In __data.table__, we can call functions inside `.()` and they will be applied to rows. So the equivalent of: 
```{r}
s <- heights |> 
  summarize(average = mean(height), standard_deviation = sd(height))
```

in __dplyr__ is the following:

```{r}
s <- heights[, .(average = mean(height), standard_deviation = sd(height))]
```


Note that this permits a compact way of subsetting and then summarizing. Instead of: 

```{r, eval=FALSE}
s <- heights |> 
  filter(sex == "Female") |>
  summarize(average = mean(height), standard_deviation = sd(height))
```

we can write:

```{r}
s <- heights[sex == "Female", .(average = mean(height), standard_deviation = sd(height))]
```


### Multiple summaries

In chapter \@ref(tidyverse), we defined the function:
```{r}
median_min_max <- function(x){
  qs <- quantile(x, c(0.5, 0, 1))
  data.frame(median = qs[1], minimum = qs[2], maximum = qs[3])
}
```

Similar to __dplyr__, we can call this function within `.()` to obtain the three number summary:
```{r}
heights[, .(median_min_max(height))]
```

### Group then summarize 

The `group_by` followed by `summarize` in __dplyr__ is performed in one line in __data.table__. We simply add the `by` argument to split the data into groups based on the values in categorical variable:


```{r}
heights[, .(average = mean(height), standard_deviation = sd(height)), by = sex]
```

## Sorting data frames


We can order rows using the same approach we use for filter. Here are the states ordered by murder rate:

```{r}
murders[order(population)] |> head()
```

N To sort the table in descending order, we can order by the negative of `population` or use the `decreasing` argument:

```{r, eval=FALSE}
murders[order(population, decreasing = TRUE)] 
```

### Nested sorting 

Similarly, we can perform nested ordering by including more than one variable in order

```{r, eval=FALSE}
murders[order(region, rate)] 
```
``


## Exercises 

For these exercises, we will be using the __NHANES__ data.

```{r, eval=FALSE}
library(NHANES)
data(NHANES)
```

1\. We will provide some basic facts about blood pressure. First let's select a group to set the standard. We will use 20-to-29-year-old females. `AgeDecade` is a categorical variable with these ages. Note that the category is coded like " 20-29", with a space in front! Use the __data.table__ package to compute the average and standard deviation of systolic blood pressure as saved in the `BPSysAve` variable. Save it to a variable called `ref`.

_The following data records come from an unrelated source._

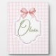 Olivia Personalized Pink Bow & Gingham Print Plaque
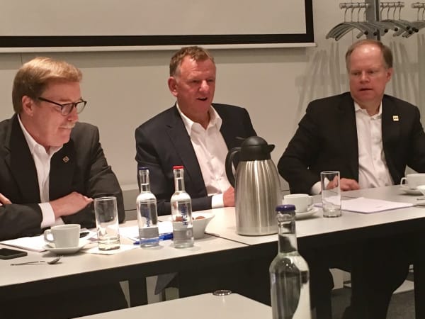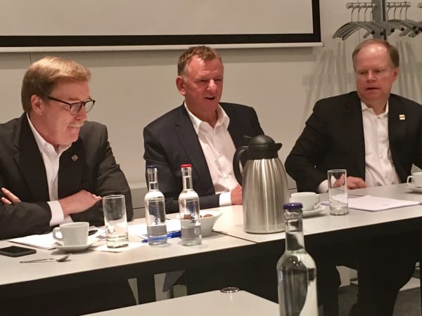 Navistar CEO Troy Clarke, VW Truck CEO Andreas Renschler, and Navistar CFO Walter Borst field queries from the press at IAA. Photo: David Cullen
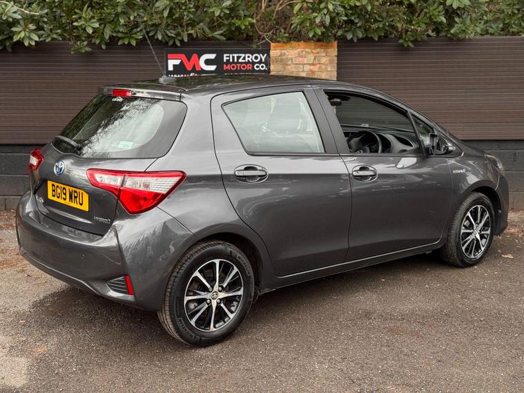 We are pleased to offer this Toyota Yaris 1.5 Hybrid, a reliable and economical hatchback that is perfectly suited to both city driving and longer journeys. Supplied with 2 keys, just 1 former keeper, and a full main dealer service history, this example also benefits from remaining Toyota warranty, giving excellent peace of mind for the next owner.Finished in grey with alloy wheels, the car presents very well and reflects its careful ownership. On the road, the Yaris is smooth, quiet, and extremely efficient thanks to Toyota’s proven self charging hybrid system, allowing for electric driving at lower speeds and seamless switching to petrol when needed.Inside, the cabin is modern and well equipped, featuring dual zone climate control, cruise control, and a multifunction steering wheel. Technology includes Bluetooth audio and handsfree connectivity, DAB digital radio, and the Toyota Touch infotainment system. It also benefits from a reversing camera along with front parking sensors, making manoeuvring simple and stress free.Additional features such as push button start, road sign assist, and Toyota Safety Sense enhance both convenience and safety, making this a great everyday car.This Toyota Yaris Hybrid is an excellent choice for anyone looking for a dependable, efficient, and easy to run vehicle with low running costs and a strong reputation for reliability.At Fitzroy Motor Co, all our vehicles are hand picked and purchased directly from private customers. Every vehicle is HPI clear, with a complimentary HPI report provided for your peace of mind. Each car undergoes a thorough inspection and is prepared for same day pickup. If a vehicle has six months or less MOT remaining, we will provide a fresh 12 month MOT for added reassurance.Nationwide delivery is available from £149 and finance options are available from 8.9 percent APR with zero deposit plans.We are open seven days a week. Call us on 01425318542 to arrange a viewing or test drive..

2\. Report the min and max values for the same group.


3\. Compute the average and standard deviation for females, but for each age group separately rather than a selected decade as in question 1. Note that the age groups are defined by `AgeDecade`. 

4\. Repeat exercise 3 for males. 


5\. For males between the ages of 40-49, compare systolic blood pressure across race as reported in the `Race1` variable. Order the resulting table from lowest to highest average systolic blood pressure.